J’écoutais X… et croyais le voir encore à Fès, dans la maison mauresque où nous l’avions connu et sur la terrasse de laquelle nous avions si souvent, le soir, essayé d’imaginer la destinée proche et mystérieuse de la ville du silence, toute blanche dans ses murailles, sous le cirque de monts et de forêts, d’où montait, à l’heure où sonne chez nous l’Angelus, la voix stridente du muezzin.

Je dis à X… :

« Ainsi, vous et les autres Européens, vous désespériez d’être secourus ? »

Il répondit :

« Oui, nous n’avions aucune nouvelle, la pression des tribus autour des vieux murs qui serrent la ville était toujours plus forte, plus serrée, le Maghzen ne se défendait pas, nous ne savions rien de la marche de la colonne de secours, nos rakkas ne passaient plus. »

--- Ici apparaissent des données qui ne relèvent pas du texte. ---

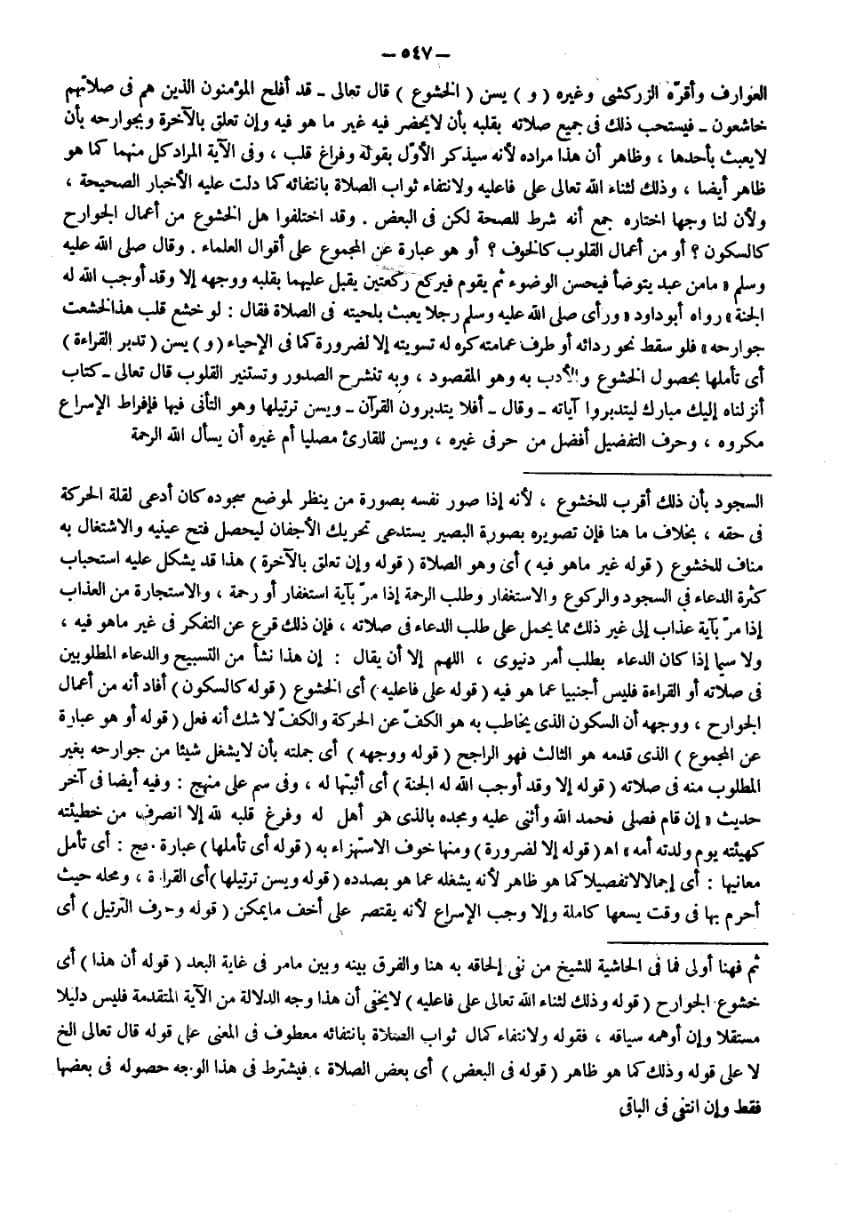 ـــــــــــــــــــــــــــــQثَمَّ فَهُنَا أَوْلَى فَمَا فِي الْحَاشِيَةِ لِلشَّيْخِ مِنْ نَفْيِ إلْحَاقِهِ بِهِ هُنَا، وَالْفَرْقُ بَيْنَهُ وَبَيْنَ مَا مَرَّ فِي غَايَةِ الْبُعْدِ (قَوْلُهُ: أَنَّ هَذَا) أَيْ خُشُوعَ الْجَوَارِحِ (قَوْلُهُ: وَذَلِكَ لِثَنَاءِ اللَّهِ تَعَالَى عَلَى فَاعِلِيهِ) لَا يَخْفَى أَنَّ هَذَا وَجْهُ الدَّلَالَةِ مِنْ الْآيَةِ الْمُتَقَدِّمَةِ فَلَيْسَ دَلِيلًا مُسْتَقِلًّا وَإِنْ أَوْهَمَهُ سِيَاقُهُ، فَقَوْلُهُ وَلِانْتِفَاءِ كَمَالِ ثَوَابِ الصَّلَاةِ بِانْتِفَائِهِ مَعْطُوفٌ فِي الْمَعْنَى عَلَى قَوْلِهِ قَالَ تَعَالَى إلَخْ لَا عَلَى قَوْلِهِ، وَذَلِكَ كَمَا هُوَ ظَاهِرٌ (قَوْلُهُ: فِي الْبَعْضِ) أَيْ بَعْضِ الصَّلَاةِ، فَيُشْتَرَطُ فِي هَذَا الْوَجْهِ حُصُولُهُ فِي بَعْضِهَا فَقَطْ وَإِنْ انْتَفَى فِي الْبَاقِي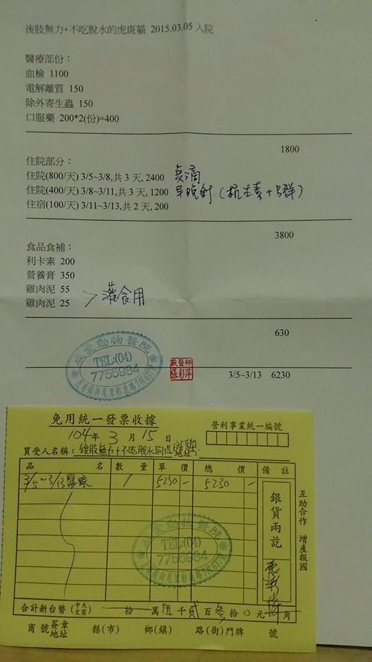 醫療費用總金額共6230元,志工負擔1000元,申請醫療費用是5230元動物近況說明: 現由志工接回中途照料,會繼續尋求其他方式來改善無力搖晃症狀!

Il se tut, hésitant un instant, et dit : « Savez-vous quand nous avons perdu espoir ? Un jour j’ai fait venir Hadj’ Ali. C’était son tour. Je voulais tenter de communiquer avec Tanger. Je dis au rakkas : « Quand peux-tu être revenu ? » il me dit en arabe : « Si je ne suis pas là dans huit jours »… et il fit avec ses deux mains le signe de se trancher la tête. On savait que des têtes de rakkas avaient été vues hissées au sommet des tentes des chefs de tribu. Il prit ma lettre et la colla dans la semelle d’une de ses babouches. Il partit avec son air de chien en quête qui flaire la route, le gibier, les trous, les pièges, il partit de son pas glissant. Vous souvenez-vous, madame, de ce que vous disiez : « une pierre qui roule. »

Un silence se fit, je compris et dis : « Et Hadj’ Ali n’est pas revenu ? »

« Hadj’ Ali n’est pas revenu, » dit notre ami de sa voix brève. Quand on prit le camp des révoltés, sur la tente du chef, la tête de Hadj’ Ali fut reconnue piquée au poteau du centre. »

X… se tut : les flammes dansaient dans la cheminée, et chacun de nous y lisait ses pensées et ses souvenirs en silence.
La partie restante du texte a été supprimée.